How well do detection and filtering defenses actually score?

In isolation, surprisingly well, which is why the category is crowded. PromptArmor (Berkeley, 2025) reports attack success, false positives and false negatives all below 1% on AgentDojo. CommandSans (Invariant/ETH) brings ASR from 34% down to 3% with token-level sanitization. Taken at face value, these look close to solved.

They are the high end of a real category, and the numbers are honest for what they measure. The problem is what they measure: performance against a fixed set of attacks. That is the assumption an attacker exists to violate.

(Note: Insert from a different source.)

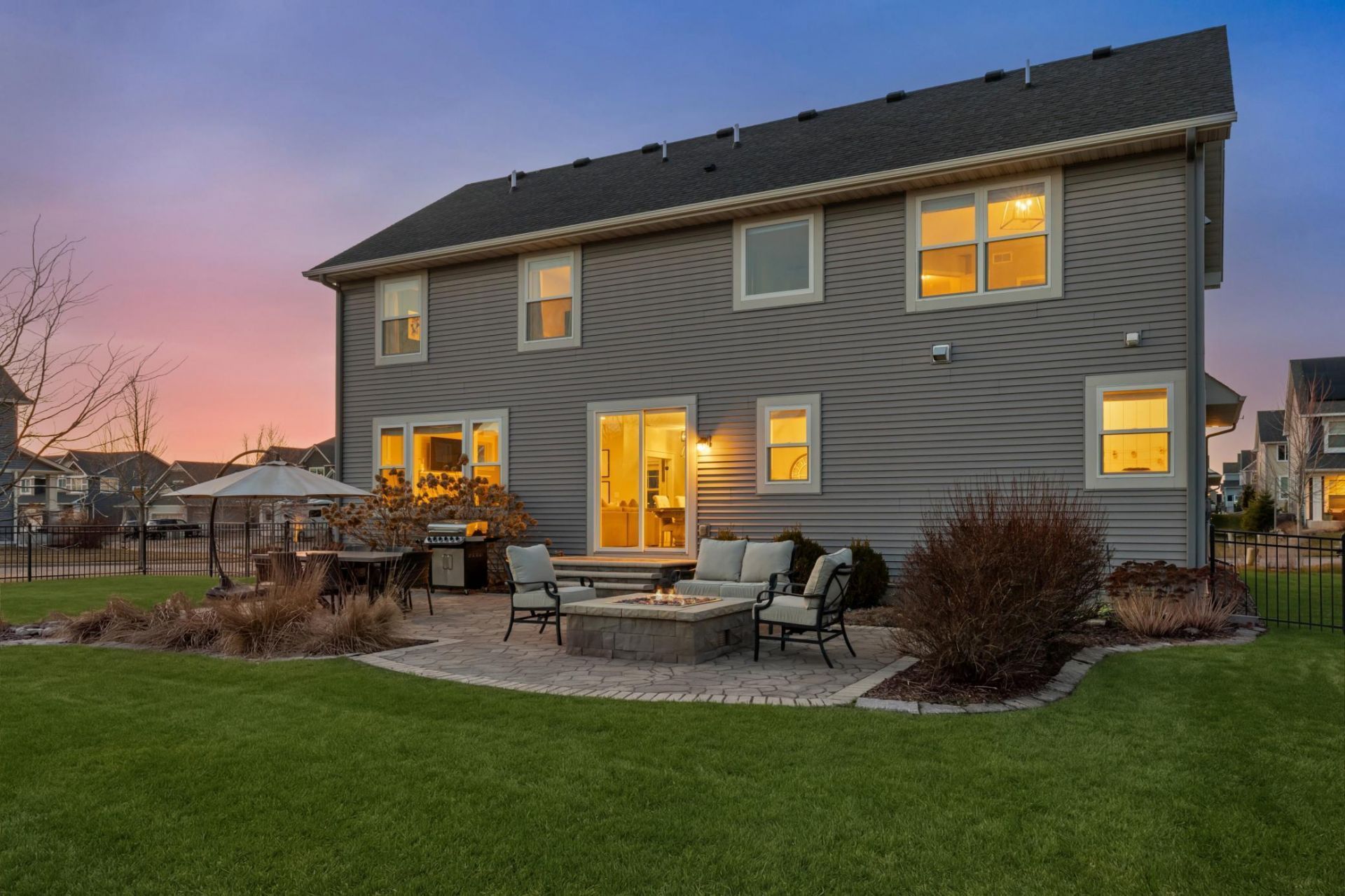 Set on a premium corner lot in Woodbury's popular Summerlin development, this beautifully designed home offers standout curb appeal and exceptional indoor-outdoor living. The light and bright interior features a spacious kitchen with stainless steel appliances and stunning subzero refrigerator, quartz countertops, custom designed walk-in pantry and after-school study nook. Seamless transition between the in-formal dining room and living room with cozy gas burning fireplace. Sliding patio door opens up to incredible backyard living with paver patio, built-in fire pit and fully fenced-in yard. Upstairs you'll find 4 bedrooms with great room loft and upper-level laundry. The spacious primary bedroom features large walk-in closet and bath with dual sinks, soaking tub and walk-in shower. Unfinished basement currently used for raising the next generation of Minnesota hockey players provides an instant equity opportunity as well as the flexibility to create your own space. 3 car attached garage. Country Joe Homes built. Convenient Woodbury location with easy access to shopping, restaurants, parks and I-94. Highly desired East Ridge High School!

What happens when the attacker adapts?

The category collapses. The essential counterweight to every near-zero claim is "Adaptive Attacks Break Defenses" (Kang Lab, NAACL 2025), which took eight published prompt-injection defenses and, by adapting the attack to each, drove attack success back above 50% across the board. Not one held.

A defense that reads the attack is in an arms race with the attacker's phrasing. Every static benchmark is a photograph of one round.

This is the result that reorganizes the whole field. It does not say detection is worthless; it says detection scores are provisional by construction. A 1% ASR against today's attacks tells you very little about the attack someone writes tomorrow specifically to beat it. For a security control you are betting a company on, "provisional" is the operative word.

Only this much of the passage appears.